[Records drawn from a dataset]
◆ ◆ ◆ ◆
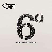 "Six Degrees Of Separation" is a song by Irish pop rock band The Script, taken from their third studio album, #3 (2012). The song was released as the album's second single on 25 November 2012. The track was written by Danny O'Donoghue, Mark Sheehan, Steve Kipner and Andrew Frampton. The music video for "Six Degrees Of Separation" was uploaded to YouTube on 5 November 2012 at a total length of three minutes and fifty-seven seconds.[1] The band performed the song live during Children in Need on 16 November 2012.[2] The band also performed the track live on The Voice of Holland on 7 December 2012, as well as performing "Hall of Fame" with the remaining contestants.
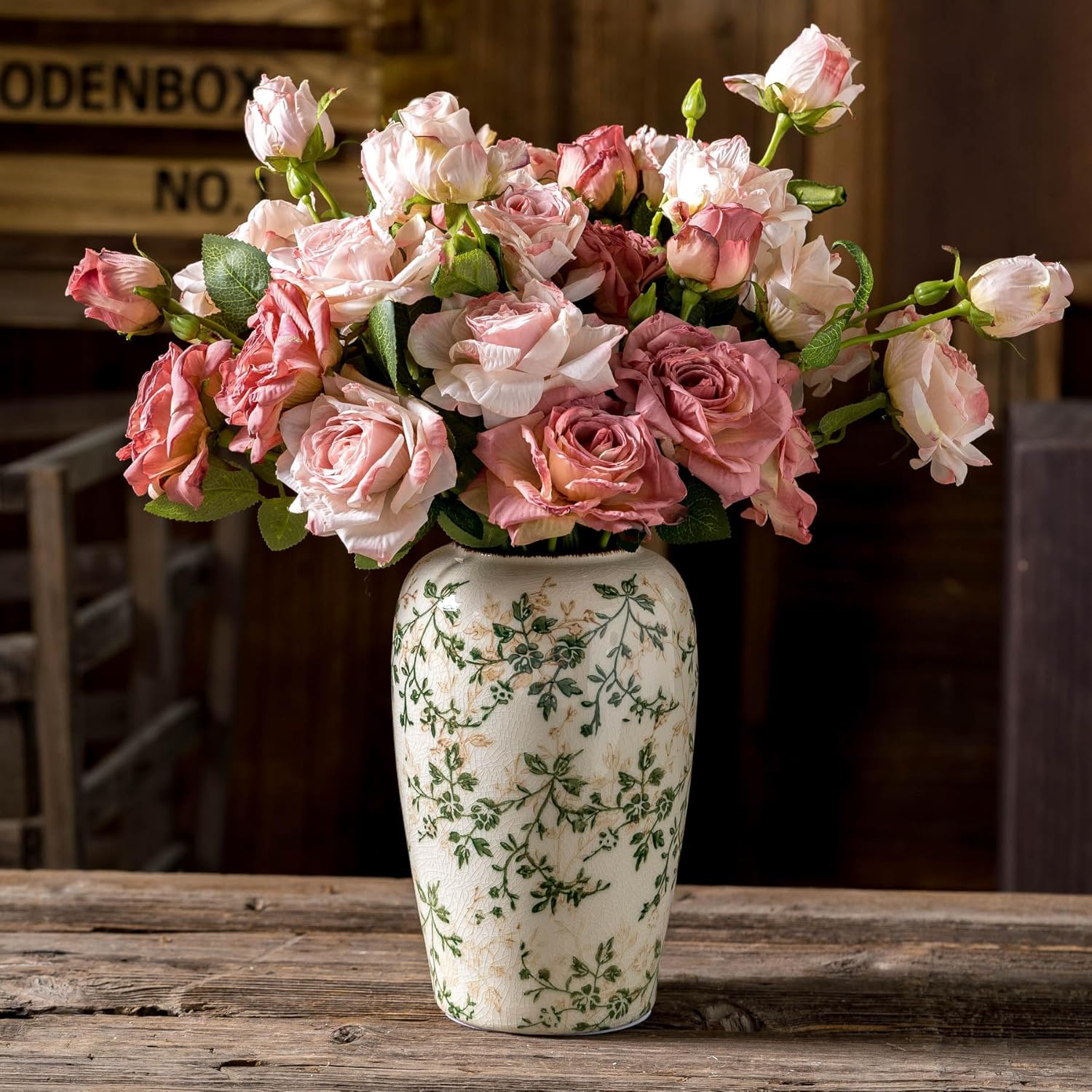 - Effortless Maintenance & Styling: Designed for easy cleaning and long-lasting use, this beige and green vase seamlessly blends with various themes—from vintage home decor to modern farmhouse. Its neutral palette complements white vases home decor setups and chinoiserie decor collections.
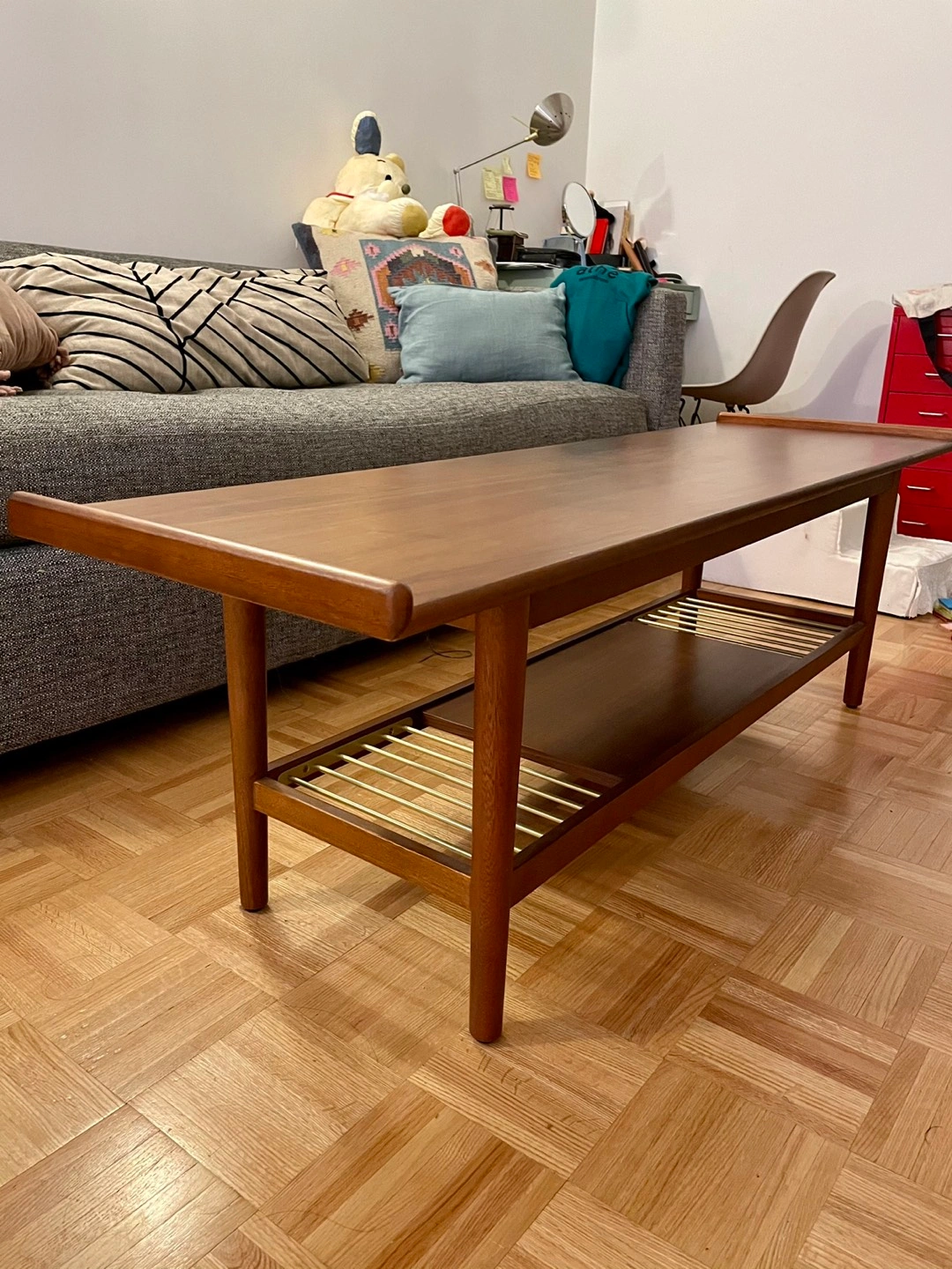 76Beautiful West Elm bench that I’ve used as a coffee table. In excellent condition, except for a couple tiny nicks that I’ve included a picture of. Really lovely, and I’ve loved the quality of it — sadly parting with it because I’m moving out of the country! This item seems to be discontinued at West Elm (included picture of SKU number) but here is the original link: https://www.westelm.com/m/products/1897029/ 54”L x 16.5”D x 17”H
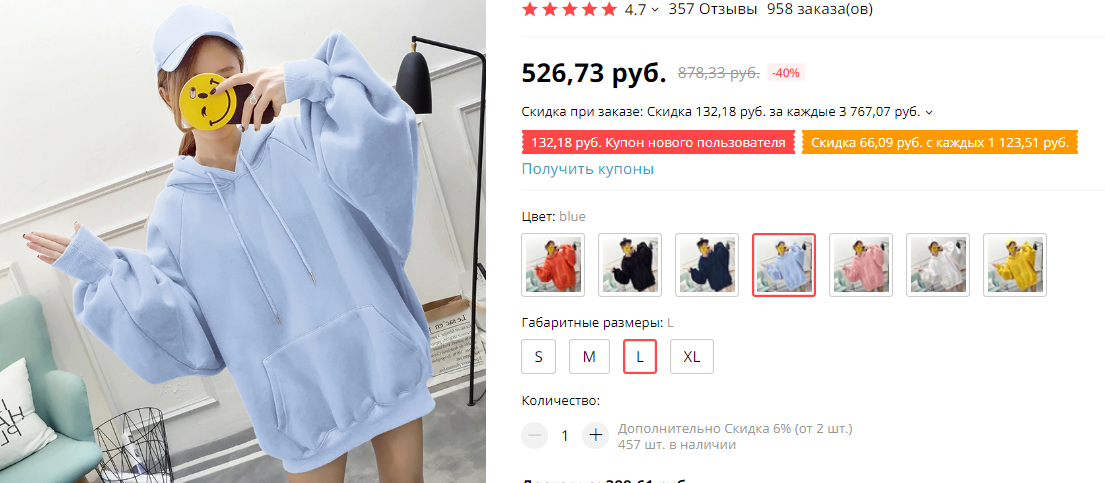 526 рублей, отличное однотонное худи, много положительных отзывов. Идеальный вариант по соотношению цена-качество. Для получения эффекта оверсайз, как на фото продавца, берите на размер больше. Что приходит на самом деле. Смотрим отзывы. Но если для вас такой вариант выглядит слишком просто, смотрим дальше :)
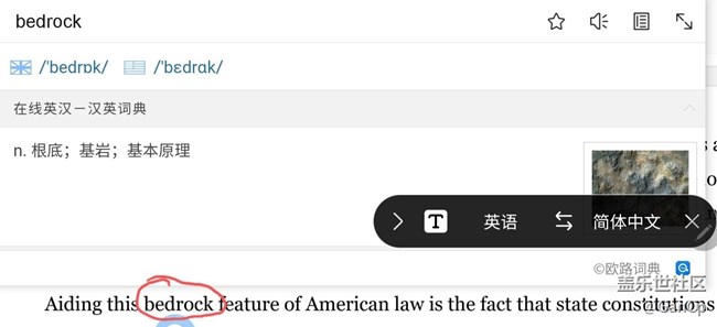 首先懸停翻譯功能很實(shí)用,但是有一些非常影響體驗(yàn)的地方,但是對于單詞的翻譯不夠完整!這一點(diǎn)非常關(guān)鍵,如果連一個完整的翻譯都給不全,那么很可能導(dǎo)致用戶對整個語句的翻譯錯誤。請官方工作人員看下圖,第三方軟件對bedrock一次有三個解釋,而s pen對此卻只有基巖一種解釋,我想這三種解釋還是有一定的區(qū)別的吧。還有
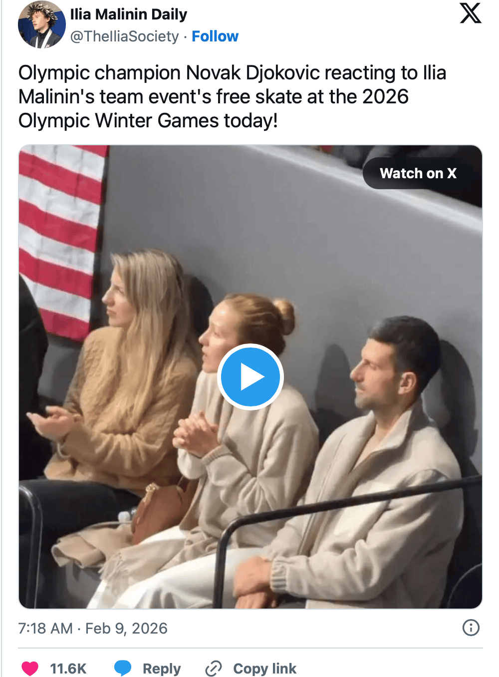 他在靠近冰面的看台观赛,并为选手们的表现鼓掌。在美国新星伊利亚·马利宁完成自由滑后,德约甚至起立鼓掌致意。马利宁赛后表示:“我确实看到了德约科维奇,这真的太不真实了。”
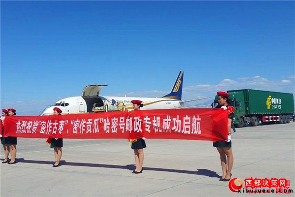 9月12日19:32分,一架裝載“密作”哈密古棗、“密作”哈密貢瓜的郵政專機(jī)從新疆哈密機(jī)場啟航首航廣東,將于13日凌晨抵達(dá)深圳機(jī)場。
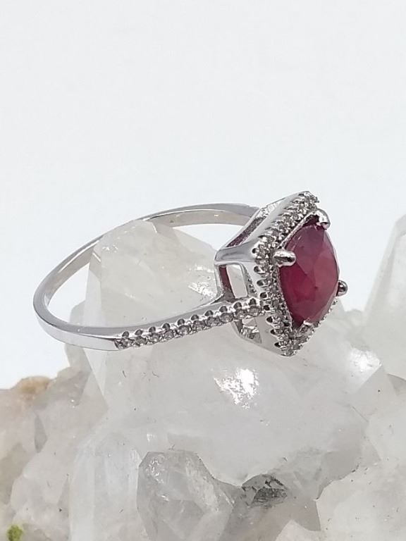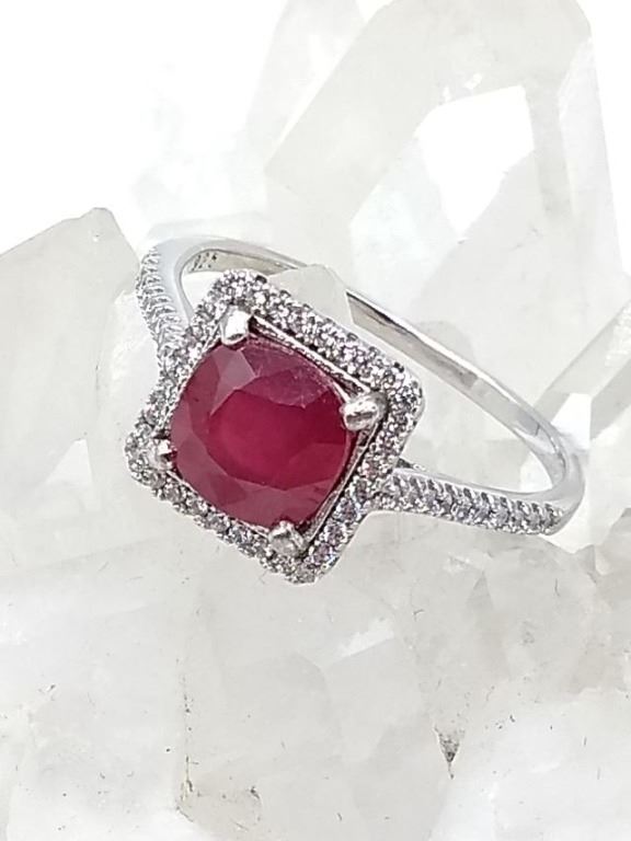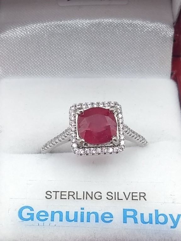 STERLING SILVER RING W/ RUBY GEMSTONE AND CZ W/ APPRAISAL $1120
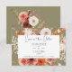 Esto permite guardar el diseño de la tarjeta de fecha con un ardor de naranja quemado, color melocotón y un marco floral crema con vegetación verde sabio alrededor de un arco blanco sobre un fondo verde sabio. Un monograma completa el aspecto sencillo pero elegante de esta invitación. Esta tarjeta es parte de la suite Boda Boho Burnt Naranja Fall Floral Arch Monogram de las tarjetas creadas por Simply Farmhouse Press.
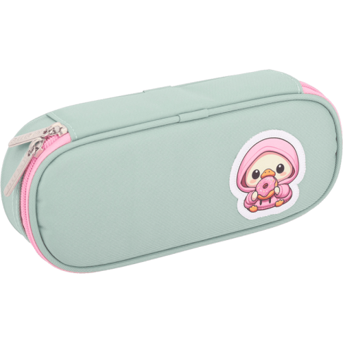 Пенал "deVENTE. Cute Duck" 210x80x50 мм овальный, плотный износостойкий нейлон с водоотталкивающей пропиткой, овальной формы на молнии для 50 предметов, с внутренним органайзером-створкой, с 2-мя бегунками, мятный..
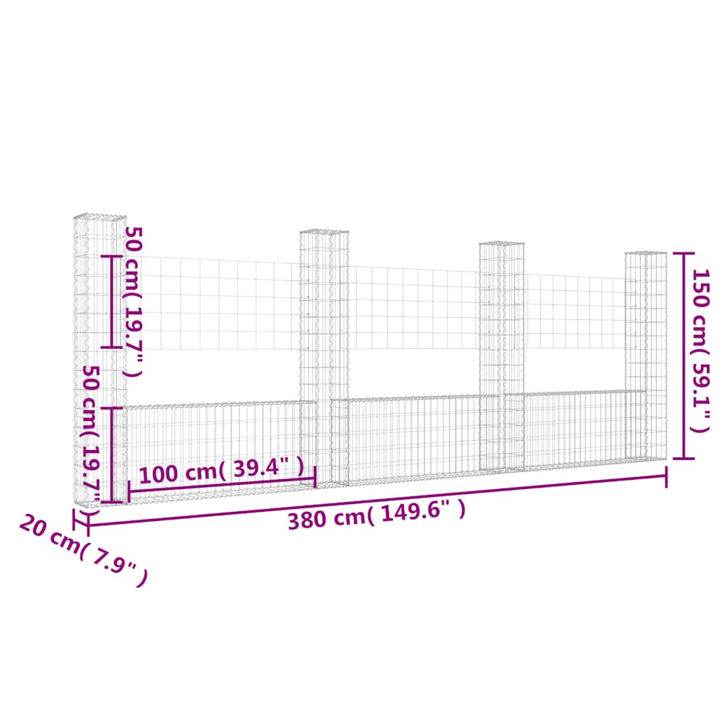Cesto Gabbione a U con 4 Pali in Ferro 380x20x150 cm 151284
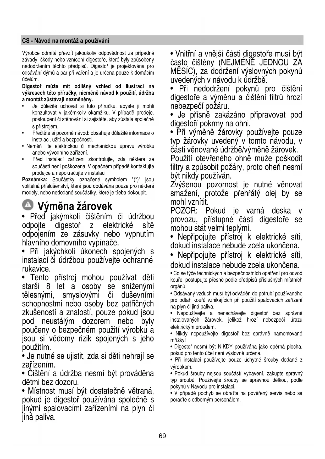 - Při výměně žárovky používejte pouze typ žárovky uvedený v tomto návodu, v části věnované údržbě/výměně žárovek. Použití otevřeného ohně může poškodit filtry a způsobit požáry, proto oheň nesmí být nikdy používán. Zvýšenou pozornost je nutné věnovat smažení, protože přehřátý olej by se mohl vznítit. POZOR: Pokud je varná deska v provozu, přístupné části digestoře se mohou stát velmi teplými.
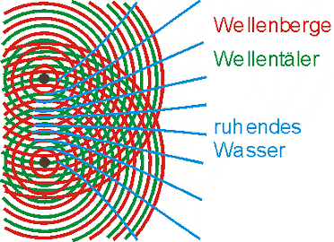 entsteht ein größerer Wellenberg. Wo zwei Wellentäler aufeinandertreffen,
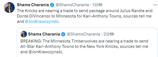 重磅!尼克斯森林狼完成交易,3换1引入唐斯 兰德尔等告别
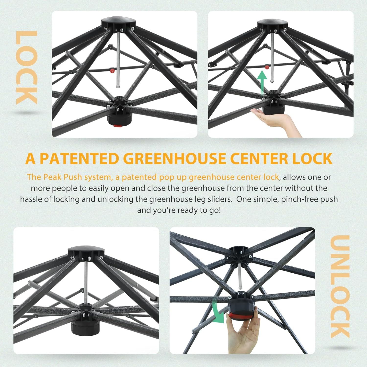 - EASY SETUP: This pop up greenhouse with patented center lock technology supports one person setup in seconds. The pre-assembled frame and innovative Peak Push locking system delivers a quick setup. No tools required. Whether you're a seasoned gardener or just starting out, the EAGLE PEAK pop-up greenhouse for outdoors saves you time and hassle
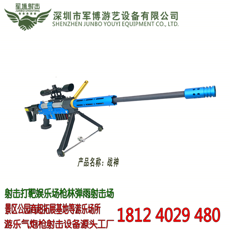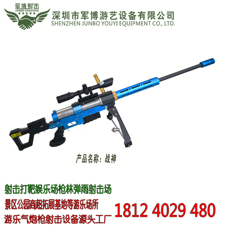 深圳智博生产的小型游乐设备游乐气炮战神气炮适用于旅游景区特色农庄游乐园公园等区域, 口径22MM。射程在4-8米, 利用空压机压缩输送气体发射橡胶球,五面做防护封闭式区域射击。
◆ ◆ ◆ ◆
AIM OF THE TASK » The reply must contain every entry above, exactly as written, and none of the pictures.

REPLY TO THE TASK »
 "Six Degrees Of Separation" is a song by Irish pop rock band The Script, taken from their third studio album, #3 (2012). The song was released as the album's second single on 25 November 2012. The track was written by Danny O'Donoghue, Mark Sheehan, Steve Kipner and Andrew Frampton. The music video for "Six Degrees Of Separation" was uploaded to YouTube on 5 November 2012 at a total length of three minutes and fifty-seven seconds.[1] The band performed the song live during Children in Need on 16 November 2012.[2] The band also performed the track live on The Voice of Holland on 7 December 2012, as well as performing "Hall of Fame" with the remaining contestants.
 - Effortless Maintenance & Styling: Designed for easy cleaning and long-lasting use, this beige and green vase seamlessly blends with various themes—from vintage home decor to modern farmhouse. Its neutral palette complements white vases home decor setups and chinoiserie decor collections.
 76Beautiful West Elm bench that I’ve used as a coffee table. In excellent condition, except for a couple tiny nicks that I’ve included a picture of. Really lovely, and I’ve loved the quality of it — sadly parting with it because I’m moving out of the country! This item seems to be discontinued at West Elm (included picture of SKU number) but here is the original link: https://www.westelm.com/m/products/1897029/ 54”L x 16.5”D x 17”H
 526 рублей, отличное однотонное худи, много положительных отзывов. Идеальный вариант по соотношению цена-качество. Для получения эффекта оверсайз, как на фото продавца, берите на размер больше. Что приходит на самом деле. Смотрим отзывы. Но если для вас такой вариант выглядит слишком просто, смотрим дальше :)
 首先懸停翻譯功能很實(shí)用,但是有一些非常影響體驗(yàn)的地方,但是對于單詞的翻譯不夠完整!這一點(diǎn)非常關(guān)鍵,如果連一個完整的翻譯都給不全,那么很可能導(dǎo)致用戶對整個語句的翻譯錯誤。請官方工作人員看下圖,第三方軟件對bedrock一次有三個解釋,而s pen對此卻只有基巖一種解釋,我想這三種解釋還是有一定的區(qū)別的吧。還有
 他在靠近冰面的看台观赛,并为选手们的表现鼓掌。在美国新星伊利亚·马利宁完成自由滑后,德约甚至起立鼓掌致意。马利宁赛后表示:“我确实看到了德约科维奇,这真的太不真实了。”
 9月12日19:32分,一架裝載“密作”哈密古棗、“密作”哈密貢瓜的郵政專機(jī)從新疆哈密機(jī)場啟航首航廣東,將于13日凌晨抵達(dá)深圳機(jī)場。
 STERLING SILVER RING W/ RUBY GEMSTONE AND CZ W/ APPRAISAL $1120
 Esto permite guardar el diseño de la tarjeta de fecha con un ardor de naranja quemado, color melocotón y un marco floral crema con vegetación verde sabio alrededor de un arco blanco sobre un fondo verde sabio. Un monograma completa el aspecto sencillo pero elegante de esta invitación. Esta tarjeta es parte de la suite Boda Boho Burnt Naranja Fall Floral Arch Monogram de las tarjetas creadas por Simply Farmhouse Press.
 Пенал "deVENTE. Cute Duck" 210x80x50 мм овальный, плотный износостойкий нейлон с водоотталкивающей пропиткой, овальной формы на молнии для 50 предметов, с внутренним органайзером-створкой, с 2-мя бегунками, мятный..
Cesto Gabbione a U con 4 Pali in Ferro 380x20x150 cm 151284
 - Při výměně žárovky používejte pouze typ žárovky uvedený v tomto návodu, v části věnované údržbě/výměně žárovek. Použití otevřeného ohně může poškodit filtry a způsobit požáry, proto oheň nesmí být nikdy používán. Zvýšenou pozornost je nutné věnovat smažení, protože přehřátý olej by se mohl vznítit. POZOR: Pokud je varná deska v provozu, přístupné části digestoře se mohou stát velmi teplými.
 entsteht ein größerer Wellenberg. Wo zwei Wellentäler aufeinandertreffen,
 重磅!尼克斯森林狼完成交易,3换1引入唐斯 兰德尔等告别
 - EASY SETUP: This pop up greenhouse with patented center lock technology supports one person setup in seconds. The pre-assembled frame and innovative Peak Push locking system delivers a quick setup. No tools required. Whether you're a seasoned gardener or just starting out, the EAGLE PEAK pop-up greenhouse for outdoors saves you time and hassle
 深圳智博生产的小型游乐设备游乐气炮战神气炮适用于旅游景区特色农庄游乐园公园等区域, 口径22MM。射程在4-8米, 利用空压机压缩输送气体发射橡胶球,五面做防护封闭式区域射击。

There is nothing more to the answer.